Eyelid surgery (blepharoplasty) is one of the quickest, least invasive procedures to improve your appearance. However, there are other options to consider, such as Botox, fillers, browlifts and cheeklifts. Blepharoplasty is most effective if you have excess skin in your upper eyelid, but otherwise youthful features. This may be a family trait that you have noticed as young as 30 years old. With natural aging, the upper eyelid skin loses elasticity and begins to droop over itself, sometimes resting directly on or below the eyelashes.
To determine if you might be a candidate for upper eyelid blepharoplasty, look in the mirror and use a small Q-tip or cuticle stick to roll the excess skin of your eyelids into the crease. If this appears to fix the problem, your blepharoplasty may be a simple as trimming the excess fold of skin in the office under local anesthesia.
If heaviness of the eyebrows is a problem, lift your forehead straight up with the palm of your hand while looking in the mirror. If this improves the appearance of your eyelids, your surgeon may also recommend a forehead lift or endoscopic brow lift.
If your upper eyelids are so heavy that they obstruct your vision, you may have a medical condition known as ptosis of the eyelids. Look in the mirror. Does your eyelid cover any portion of your pupil (the dark hole in the center of your iris)? Do you see better if you hold your eyelids out of the way with your fingers? If so, Medicare or your insurance company may be willing to pay for repair of the eyelids.
Although many patients complain of bulging fat in the lower eyelids, cosmetic surgeons have come to learn that in most cases there is not excess fat in the lower lids, but a loss of volume in the cheeks. The fat loss begins in the 20s and usually becomes apparent in the early 30’s. Take a look at old photographs from your high school and college years. Most likely, you had small shadows under each lower eyelid. With aging, these shadows are not necessarily darker, but they have sagged lower.
Smile while looking in the mirror. As the cheeks bulge upward into a smile, does this improve the appearance of your lower eyelids? Press upward with your fingers under the cheek bone to hold the cheek in place while you relax your smile. If any of these maneuvers improve your lower eyelid, you may wish to consider a filler such as Sculptra, Radiesse, Belatero or Juvéderm. Fillers can often be injected in a few minutes, with immediate improvement.
Lastly, pull down on your cheek with your fingers. Does the lower eyelid easily pull away from the eyeball? Does the eyelid snap back readily when you let go? Do your eyes frequently water or become red and irritated? If so, you may have developed a loose tarsal ligament in the lower eyelid. It will be very important to discuss this symptom with your surgeon.
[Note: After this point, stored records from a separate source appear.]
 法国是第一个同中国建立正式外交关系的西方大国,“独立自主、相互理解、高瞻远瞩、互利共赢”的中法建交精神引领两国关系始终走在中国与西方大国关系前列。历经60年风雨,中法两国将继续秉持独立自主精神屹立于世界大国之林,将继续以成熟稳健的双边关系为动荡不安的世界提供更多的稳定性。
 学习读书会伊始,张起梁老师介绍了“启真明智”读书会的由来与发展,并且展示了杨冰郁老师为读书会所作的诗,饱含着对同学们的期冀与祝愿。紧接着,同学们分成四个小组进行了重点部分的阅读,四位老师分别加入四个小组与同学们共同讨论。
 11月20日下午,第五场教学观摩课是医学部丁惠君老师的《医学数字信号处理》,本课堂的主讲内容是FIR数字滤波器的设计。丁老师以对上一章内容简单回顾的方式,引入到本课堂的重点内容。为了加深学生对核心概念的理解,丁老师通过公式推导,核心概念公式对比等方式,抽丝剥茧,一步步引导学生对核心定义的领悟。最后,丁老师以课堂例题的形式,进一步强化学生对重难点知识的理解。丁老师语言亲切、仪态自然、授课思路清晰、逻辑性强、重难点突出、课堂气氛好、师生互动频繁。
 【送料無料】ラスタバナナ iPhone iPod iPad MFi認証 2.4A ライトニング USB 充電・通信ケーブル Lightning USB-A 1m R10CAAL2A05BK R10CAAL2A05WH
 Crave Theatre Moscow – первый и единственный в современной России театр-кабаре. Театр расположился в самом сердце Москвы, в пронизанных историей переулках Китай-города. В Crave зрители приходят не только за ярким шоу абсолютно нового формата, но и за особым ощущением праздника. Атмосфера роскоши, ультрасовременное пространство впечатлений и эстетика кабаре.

In some cases, repair of the ligament is medically necessary.
Medical conditions can increase the risk of eyelid surgery. Be sure to discuss your complete medical history with your surgeon, including potential problems such as glaucoma, dry eyes, thyroid disease, diabetes, hypertension, and the use of any blood thinners including Coumadin, Plavix, aspirin, vitamin E, and large doses of herbal supplements such as garlic and ginko biloba.